The hatch slammed shut anyway. A dozen Fed crewmen, humans and Molts, were trapped in the pit but closed out of the gunhouses. The humans screamed, raising their hands or dodging to shelter on the other side of the armored houses.
A Molt fired his rifle. The bullet hit Stephen in the center of the chest, knocking him back a pace. Scores of bullets and shotgun charges ripped the trapped Feds, killing all of them.
Stephen strode down the ramp. His chest tingled. He didn't think the bullet had penetrated his hard suit, but he couldn't worry about that now. The gun crew wasn't prepared to fight men in full armor, though they'd reacted pretty well to what must have been a complete surprise.
The nearer barbette began to rotate to face the eastern sky. The gunners were preparing for a target to approach from orbit.
Stephen dropped flat on his belly with his head cocked to the side so that he could see from that position despite the limited width of his faceshield. The gunhouse shaded the barbette's gear train, but he could see the quiver of motion. He aimed the flashgun and fired.
The flash of coherent light ignited an explosive secondary glare as metal burned white. The welded gear bound. The barbette stopped with a squeal.
Soldiers with flashguns knelt or sprawled to fire into the workings of the other barbette. Bubbles of vaporized metal spurted explosively from beneath the gunhouse. A man stepped past Stephen and held his flashgun almost in contact with the nearer gunhouse's hatch.
'Don't!' Stephen bellowed though his hard suit's external speakers.

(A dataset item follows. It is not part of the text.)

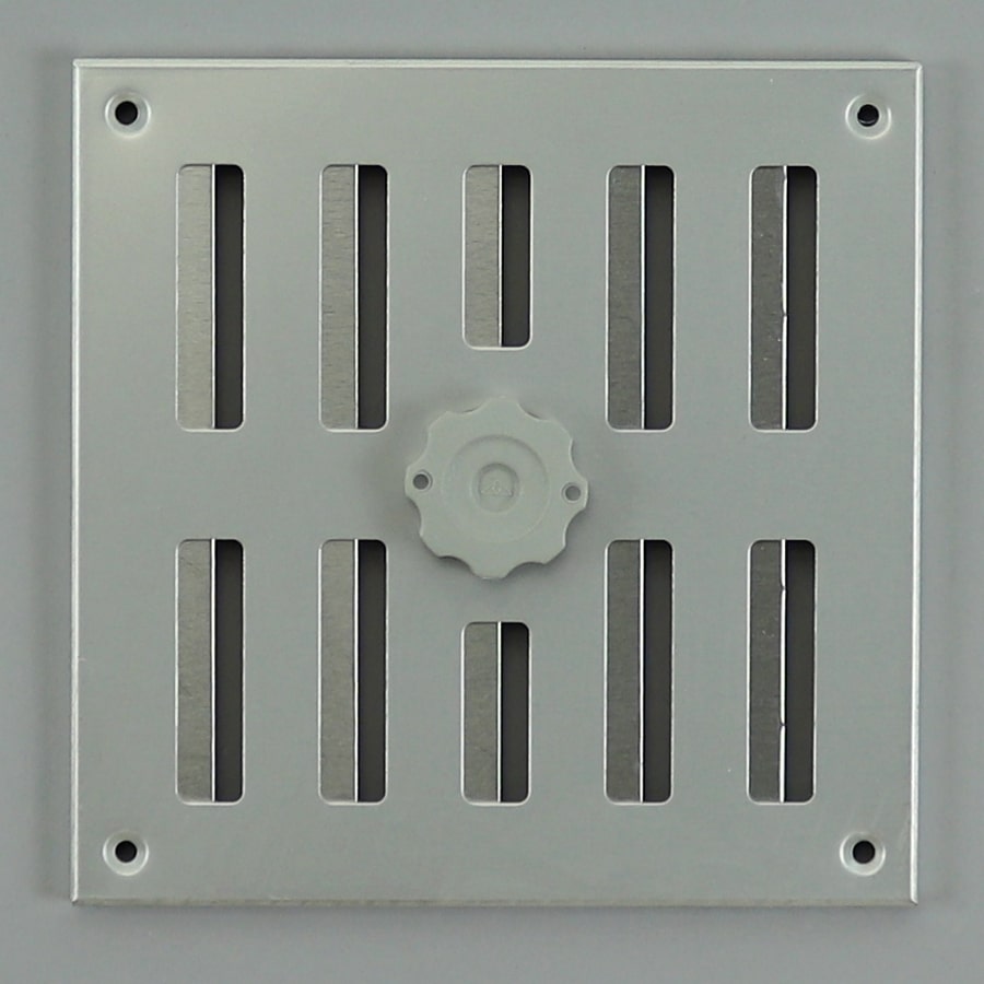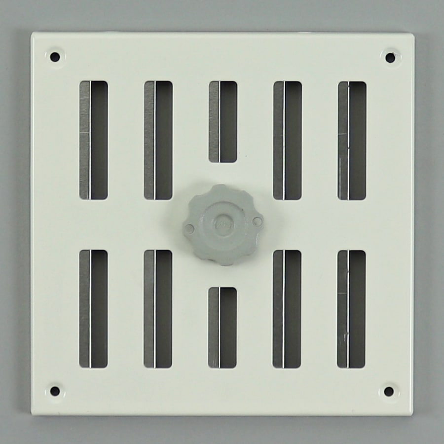 Afsluitbaar rooster, opbouw. Rooster is voorzien van een draaiknop geschikt voor een eventuele koordbediening.
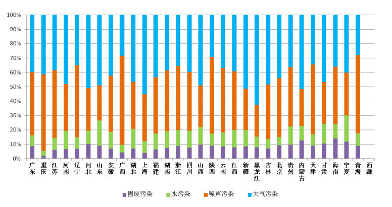 从各省举报污染类型占比来看,黑龙江大气污染举报在当地占比较高,占比高于全国平均水平约20个百分点,主要反映烟粉尘污染问题。广西、重庆噪声污染举报在当地相对突出,占比高于全国平均水平约12个百分点,广西主要反映工业噪声污染问题,重庆主要反映建设施工噪声污染问题。宁夏、山东水污染举报在当地占比高于全国平均水平约8个百分点,主要反映生活污水和工业废水污染问题。

The soldier didn't hear or didn't care. His bolt blasted a fist-sized divot of steel from the heavy door, making the gunhouse ring but doing no harm whatever to the Feds within. The vaporized metal blew outward, knocking the shooter across the pit. The shock wave staggered Stephen even though he'd braced himself on all fours when he saw what the foolish whoreson was about to do.

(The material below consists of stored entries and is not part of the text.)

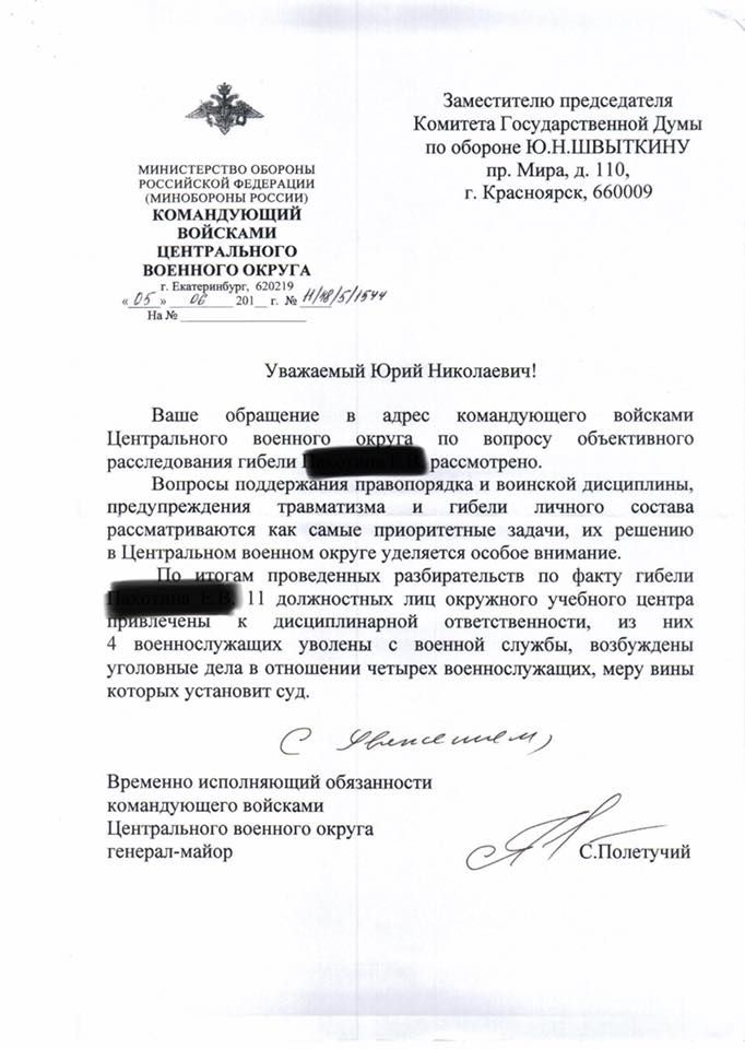 – Я хочу прояснить трагическую гибель военнослужащего из Большой Мурты, – прокомментировал ситуацию Юрий Швыткин. – Его родители требуют объективного расследования. Мною были сделаны депутатские запросы. Командующим войсками Центрального военного округа были проведены разбирательства, в результате 11 должностных лиц окружного учебного центра привлечены к дисциплинарной ответственности, четверо из которых были уволены со службы, возбуждены уголовные дела в отношении четырех военнослужащих, вину которых будет определять суд. Ход и результаты расследования взяты на контроль в военной прокуратуре Центрального военного округа. Я продолжаю держать ситуацию на личном контроле.
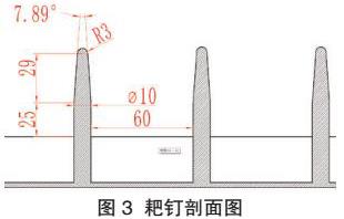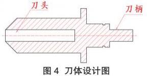 测量耙钉各部分尺寸,如图3所示:耙钉柱面长25mm,直径10mm,锥面长32mm,顶圆半径3mm,锥面角度7.89,耙钉分布间距60mm。根据测量所得的耙钉尺寸,对刀体的结构进行设计,如图4,刀体由刀头和刀柄组成。刀柄是与动力源相连接的部分,根据动力源安装需求作适应性设计。
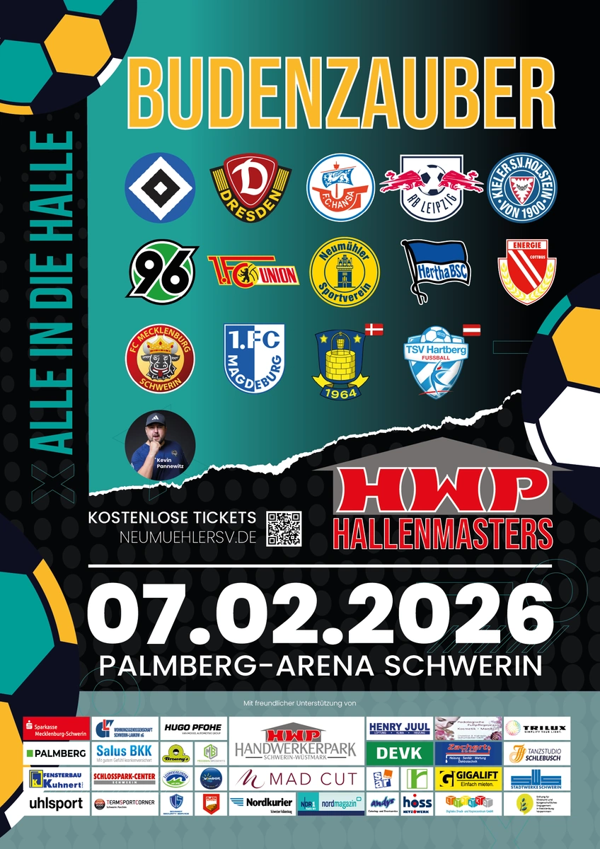 Mit dem HWP-Hallenmasters am 07.02.2026 in der PALMBERG-Arena Schwerin präsentiert der kleine Verein Neumühler SV wieder ein Jugendturnier mit absolutem Alleinstellungsmerkmal in der Region. So werden die Nachwuchsteams RB Leipzig, Hamburger SV, Union Berlin, Holstein Kiel, Hertha BSC, Dynamo Dresden, Energie Cottbus, Hannover 96, 1. FC Magdeburg, Hansa Rostock sowie Brøndby IF aus Dänemark und TSV Hartberg aus Österreich in Schwerin empfangen. Dazu gesellen sich die Lokalmatadoren des Gastgebers Neumühler SV sowie die U13 des FC Mecklenburg-Schwerin. In dem Ambiente der wohl modernsten Arena der Region wird den Zuschauern Spitzenjugendsport geboten, wie an keinem anderen Standort zwischen Neubrandenburg und Hamburg.
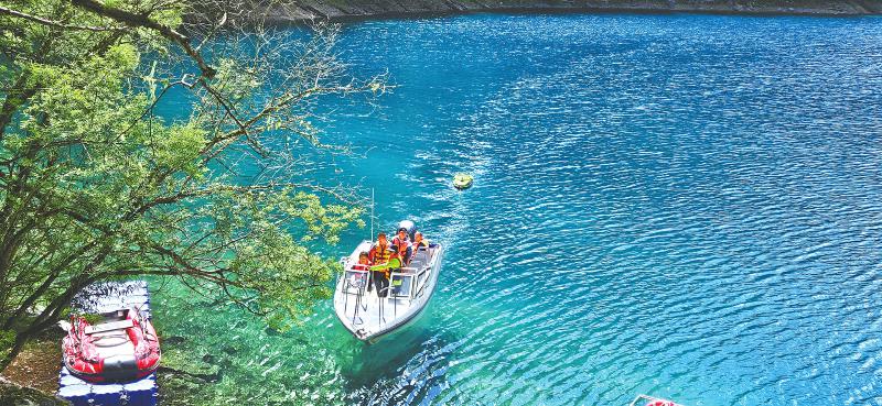 科研團(tuán)隊(duì)成員乘巡邏船在九寨溝長(zhǎng)海開(kāi)展測(cè)量工作。韋維 攝
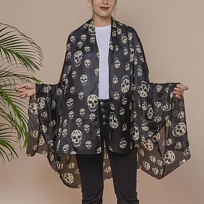 Black Skull Pattern 100% Mulberry Silk Scarf

Stephen had lowered his face to the ground. If he'd been turned in the direction of the blast, metal would have redeposited on his visor in an opaque coating.
'Throw something in those gun muzzles!' Stephen ordered as he got up. He tossed his discharged flashgun battery toward the nearer plasma cannon, several meters above him. The battery, a 20-by-6-by-4-centimeter prism, bounced back from the stellite tube.
Other men tried their luck with pebbles and debris; a sailor succeeded in lobbing the broken buttstock of a shotgun up and into the gun tube. Major Cardiff was climbing a ladder welded to the side of the farther gunhouse with a Fed's white jacket in his hand to drape over the muzzle.
What looked like a game was nothing of the sort. A plasma cannon's shell was a spherical array of miniature lasers that, when tripped, compressed a bead of tritium from all points but the one in line with the bore. Plasma propagated from the resulting thermonuclear explosion at light speed, but the ions were themselves of slight mass. The least obstruction within the gun tube would disrupt the stream and reflect enough of the enormous energy backward to destroy the weapon itself.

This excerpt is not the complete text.